-- TASK DESCRIPTION --
Since only the words are wanted, reproduce every entry exactly and leave the images behind.
※
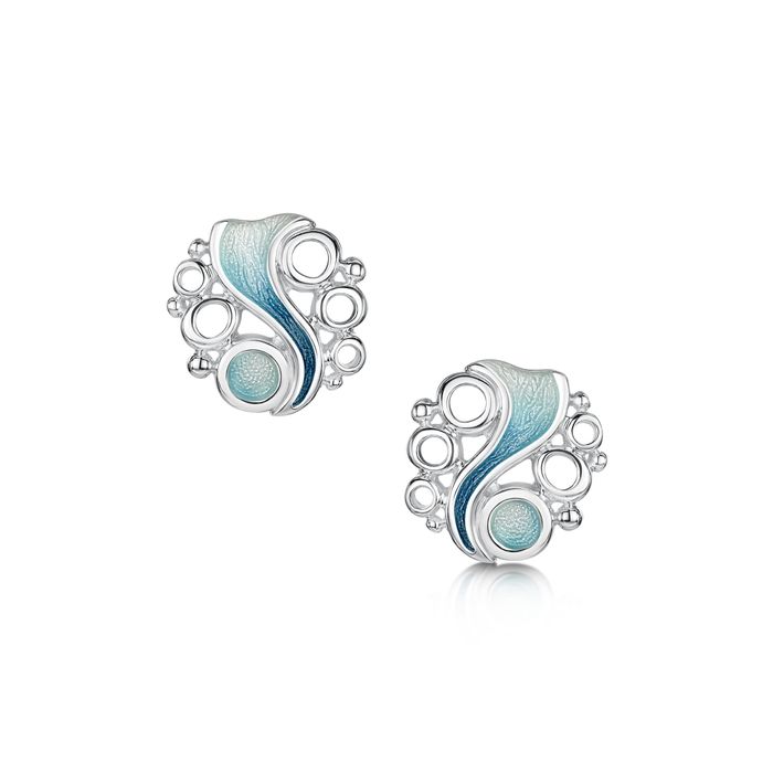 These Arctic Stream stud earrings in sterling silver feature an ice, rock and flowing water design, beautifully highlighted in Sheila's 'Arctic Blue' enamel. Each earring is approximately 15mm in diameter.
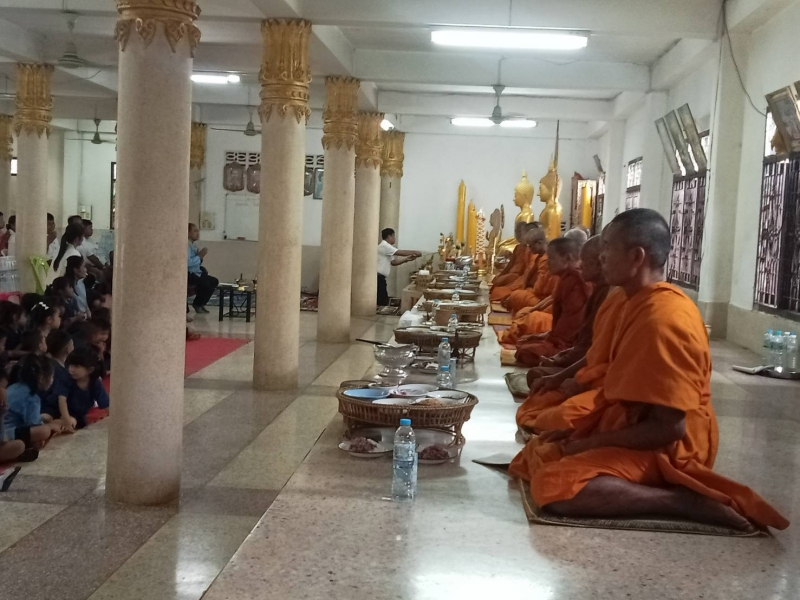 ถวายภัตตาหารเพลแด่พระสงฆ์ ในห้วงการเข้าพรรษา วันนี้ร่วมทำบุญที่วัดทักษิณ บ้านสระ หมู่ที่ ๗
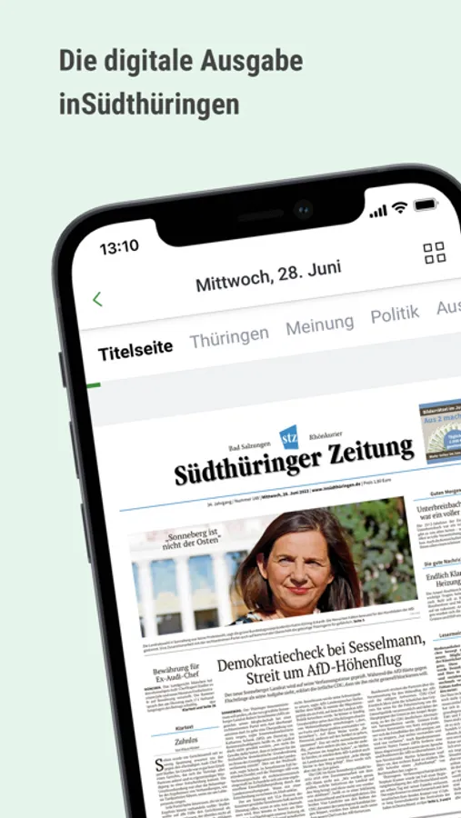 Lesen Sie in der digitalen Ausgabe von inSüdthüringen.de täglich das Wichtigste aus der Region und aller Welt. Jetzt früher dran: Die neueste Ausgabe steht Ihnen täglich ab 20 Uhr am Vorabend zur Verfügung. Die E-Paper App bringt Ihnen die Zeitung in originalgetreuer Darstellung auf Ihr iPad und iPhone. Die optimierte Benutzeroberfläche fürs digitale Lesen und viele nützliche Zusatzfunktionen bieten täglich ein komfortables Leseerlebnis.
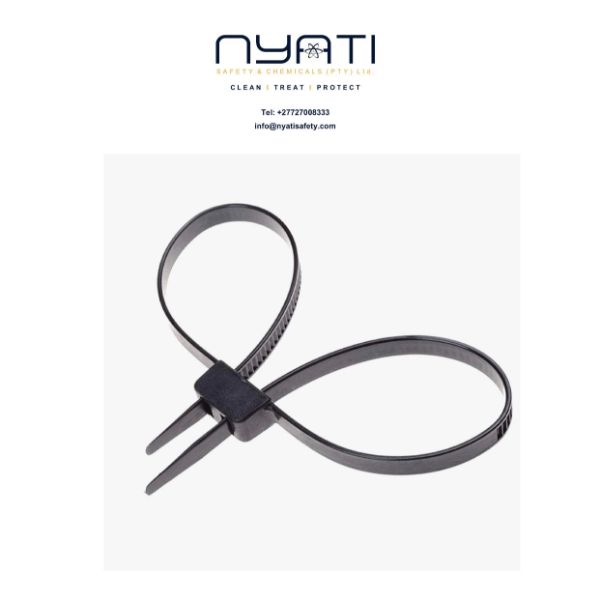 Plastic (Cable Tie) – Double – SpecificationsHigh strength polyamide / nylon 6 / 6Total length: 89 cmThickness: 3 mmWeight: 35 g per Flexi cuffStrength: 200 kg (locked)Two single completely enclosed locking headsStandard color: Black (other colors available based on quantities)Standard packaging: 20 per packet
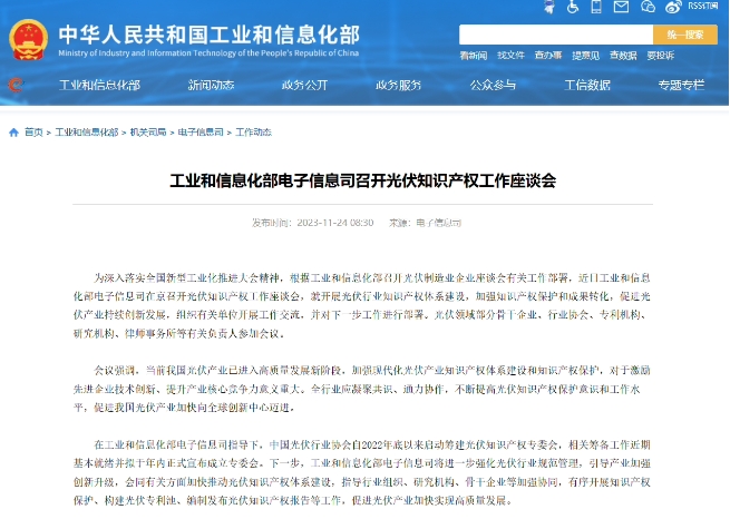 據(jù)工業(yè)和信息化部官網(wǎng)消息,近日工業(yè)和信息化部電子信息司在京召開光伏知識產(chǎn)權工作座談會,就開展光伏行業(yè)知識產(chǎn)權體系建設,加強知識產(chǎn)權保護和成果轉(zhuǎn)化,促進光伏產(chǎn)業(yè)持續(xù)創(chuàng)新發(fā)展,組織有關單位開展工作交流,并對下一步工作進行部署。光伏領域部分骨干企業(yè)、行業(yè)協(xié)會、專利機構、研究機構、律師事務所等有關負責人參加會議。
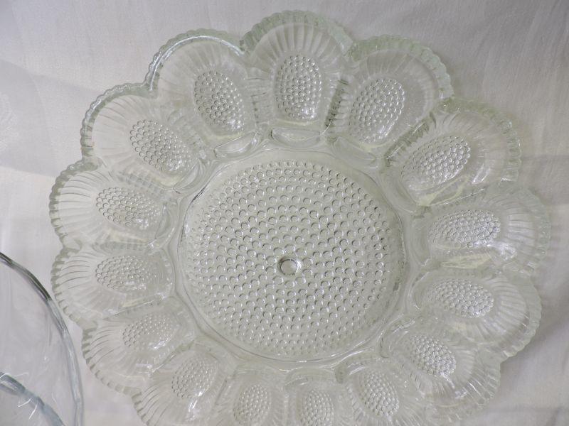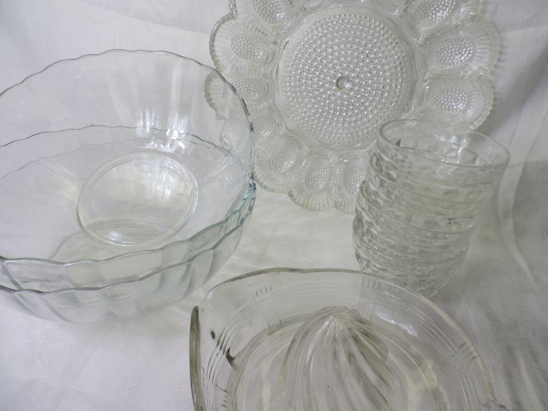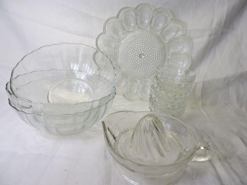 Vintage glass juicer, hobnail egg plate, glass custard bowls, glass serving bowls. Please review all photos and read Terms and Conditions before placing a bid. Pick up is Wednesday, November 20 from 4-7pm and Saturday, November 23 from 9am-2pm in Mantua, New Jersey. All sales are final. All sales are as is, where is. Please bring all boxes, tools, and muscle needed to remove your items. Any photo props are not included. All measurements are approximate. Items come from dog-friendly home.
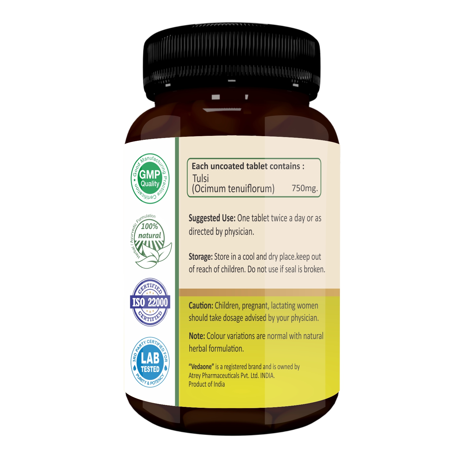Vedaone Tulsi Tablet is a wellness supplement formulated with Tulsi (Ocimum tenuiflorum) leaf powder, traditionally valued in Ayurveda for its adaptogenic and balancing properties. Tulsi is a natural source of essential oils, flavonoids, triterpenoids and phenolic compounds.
※
-- TASK RESPONSE --
 These Arctic Stream stud earrings in sterling silver feature an ice, rock and flowing water design, beautifully highlighted in Sheila's 'Arctic Blue' enamel. Each earring is approximately 15mm in diameter.
 ถวายภัตตาหารเพลแด่พระสงฆ์ ในห้วงการเข้าพรรษา วันนี้ร่วมทำบุญที่วัดทักษิณ บ้านสระ หมู่ที่ ๗
 Lesen Sie in der digitalen Ausgabe von inSüdthüringen.de täglich das Wichtigste aus der Region und aller Welt. Jetzt früher dran: Die neueste Ausgabe steht Ihnen täglich ab 20 Uhr am Vorabend zur Verfügung. Die E-Paper App bringt Ihnen die Zeitung in originalgetreuer Darstellung auf Ihr iPad und iPhone. Die optimierte Benutzeroberfläche fürs digitale Lesen und viele nützliche Zusatzfunktionen bieten täglich ein komfortables Leseerlebnis.
 Plastic (Cable Tie) – Double – SpecificationsHigh strength polyamide / nylon 6 / 6Total length: 89 cmThickness: 3 mmWeight: 35 g per Flexi cuffStrength: 200 kg (locked)Two single completely enclosed locking headsStandard color: Black (other colors available based on quantities)Standard packaging: 20 per packet
 據(jù)工業(yè)和信息化部官網(wǎng)消息,近日工業(yè)和信息化部電子信息司在京召開光伏知識產(chǎn)權工作座談會,就開展光伏行業(yè)知識產(chǎn)權體系建設,加強知識產(chǎn)權保護和成果轉(zhuǎn)化,促進光伏產(chǎn)業(yè)持續(xù)創(chuàng)新發(fā)展,組織有關單位開展工作交流,并對下一步工作進行部署。光伏領域部分骨干企業(yè)、行業(yè)協(xié)會、專利機構、研究機構、律師事務所等有關負責人參加會議。
 Vintage glass juicer, hobnail egg plate, glass custard bowls, glass serving bowls. Please review all photos and read Terms and Conditions before placing a bid. Pick up is Wednesday, November 20 from 4-7pm and Saturday, November 23 from 9am-2pm in Mantua, New Jersey. All sales are final. All sales are as is, where is. Please bring all boxes, tools, and muscle needed to remove your items. Any photo props are not included. All measurements are approximate. Items come from dog-friendly home.
Vedaone Tulsi Tablet is a wellness supplement formulated with Tulsi (Ocimum tenuiflorum) leaf powder, traditionally valued in Ayurveda for its adaptogenic and balancing properties. Tulsi is a natural source of essential oils, flavonoids, triterpenoids and phenolic compounds.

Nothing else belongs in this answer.